═════ SUPPLIED ENTRIES

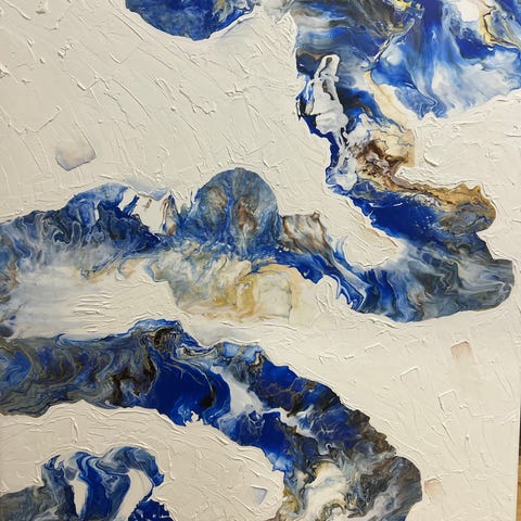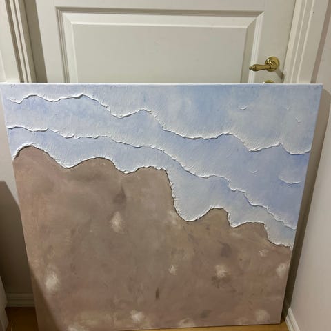 Abstrakt tavla strukturmålning beige och vit
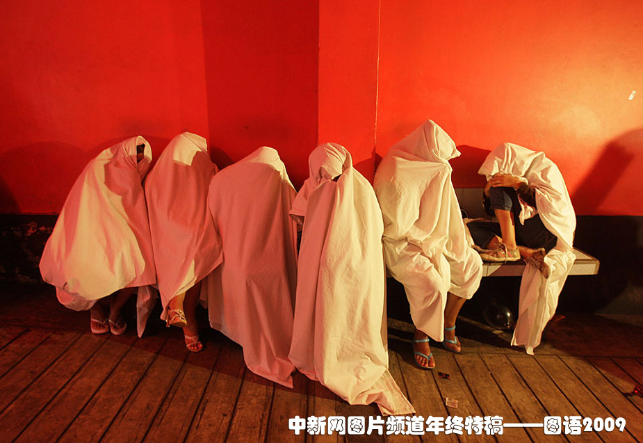 11月30日,秘魯首都利馬,來自紅燈區(qū)的性工作者準(zhǔn)備接受HIV檢測。她們大多以白布蒙面。
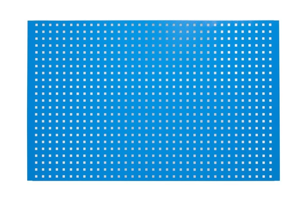 - Deze geperforeerde metalen gereedschapswand is voorzien van gaten voor de bevestiging van gereedschapshaken en bakken.
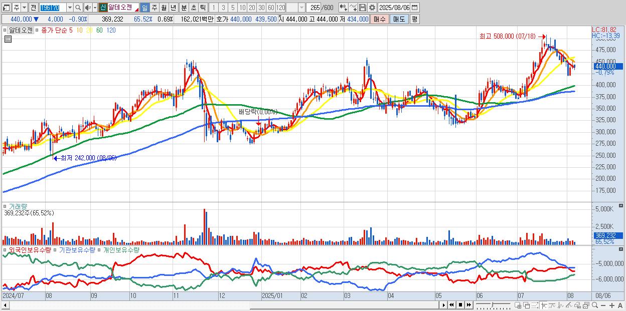 - 알테오젠 (439,500원 ▼ -1.01% , 시총: 234,979억, 거래량: 247,924, 거래대금:1,088억)
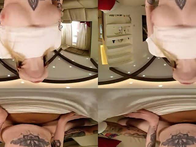 Horny tattooed Latina plays with herself in virtual reality
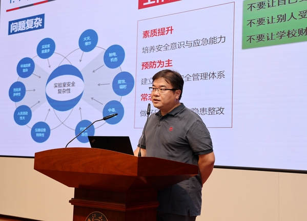培训邀请到了校实验室与设备管理处实验室技术安全管理办公室副主任樊伟、校安全保卫处消防安全管理办公室副主任夏平做专题报告。
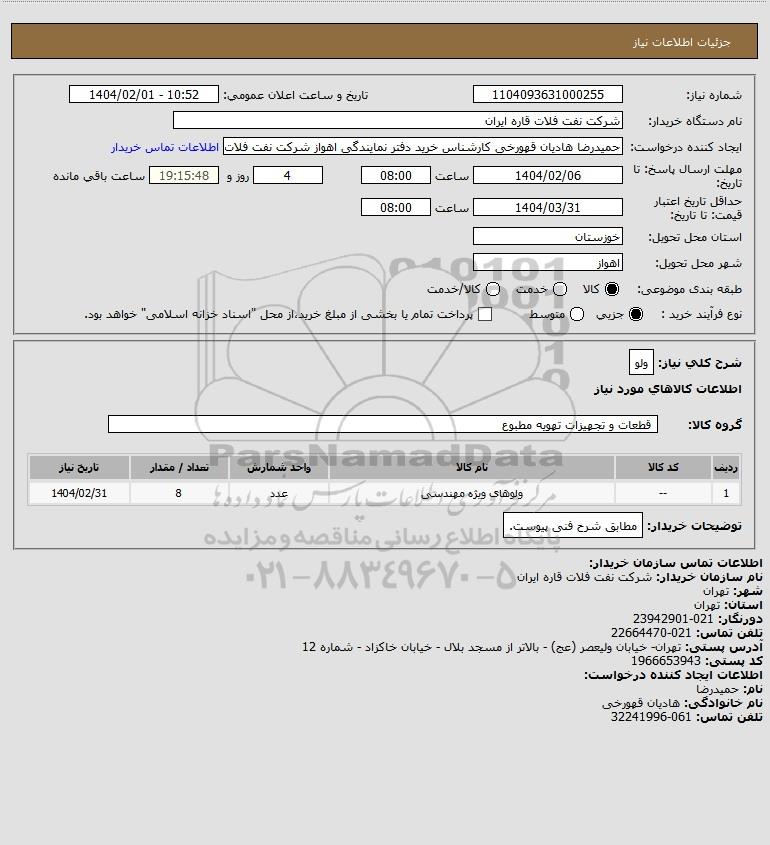 | 1 | -- | ولوهای ویژه مهندسی | عدد | 8 | 1404/02/31 |
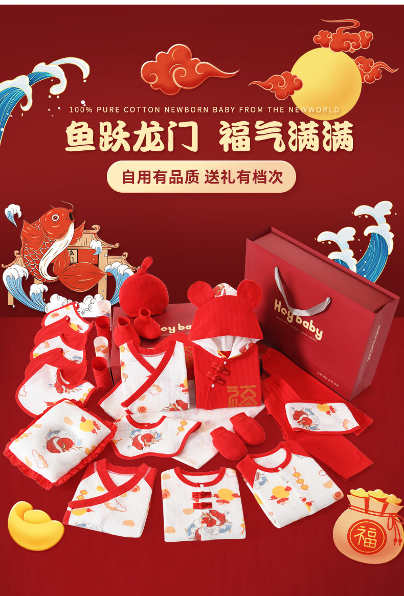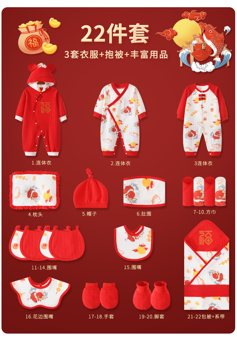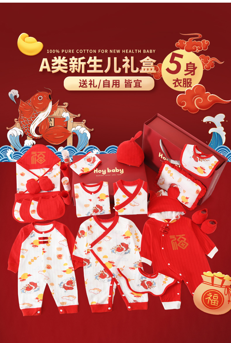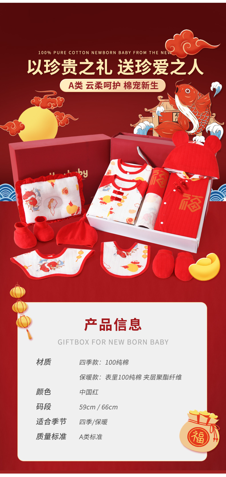 蛇年赤ちゃんギフトボックスセット新生児服純綿秋冬ネット赤スーツケースセット生まれたばかりの赤ちゃん

══════════

TASK DIRECTIONS: Your task is to repeat the material above exactly, without its pictures.

ANSWER TO THIS EXERCISE:
 Abstrakt tavla strukturmålning beige och vit
 11月30日,秘魯首都利馬,來自紅燈區(qū)的性工作者準(zhǔn)備接受HIV檢測。她們大多以白布蒙面。
 - Deze geperforeerde metalen gereedschapswand is voorzien van gaten voor de bevestiging van gereedschapshaken en bakken.
 - 알테오젠 (439,500원 ▼ -1.01% , 시총: 234,979억, 거래량: 247,924, 거래대금:1,088억)
 Horny tattooed Latina plays with herself in virtual reality
培训邀请到了校实验室与设备管理处实验室技术安全管理办公室副主任樊伟、校安全保卫处消防安全管理办公室副主任夏平做专题报告。
 | 1 | -- | ولوهای ویژه مهندسی | عدد | 8 | 1404/02/31 |
 蛇年赤ちゃんギフトボックスセット新生児服純綿秋冬ネット赤スーツケースセット生まれたばかりの赤ちゃん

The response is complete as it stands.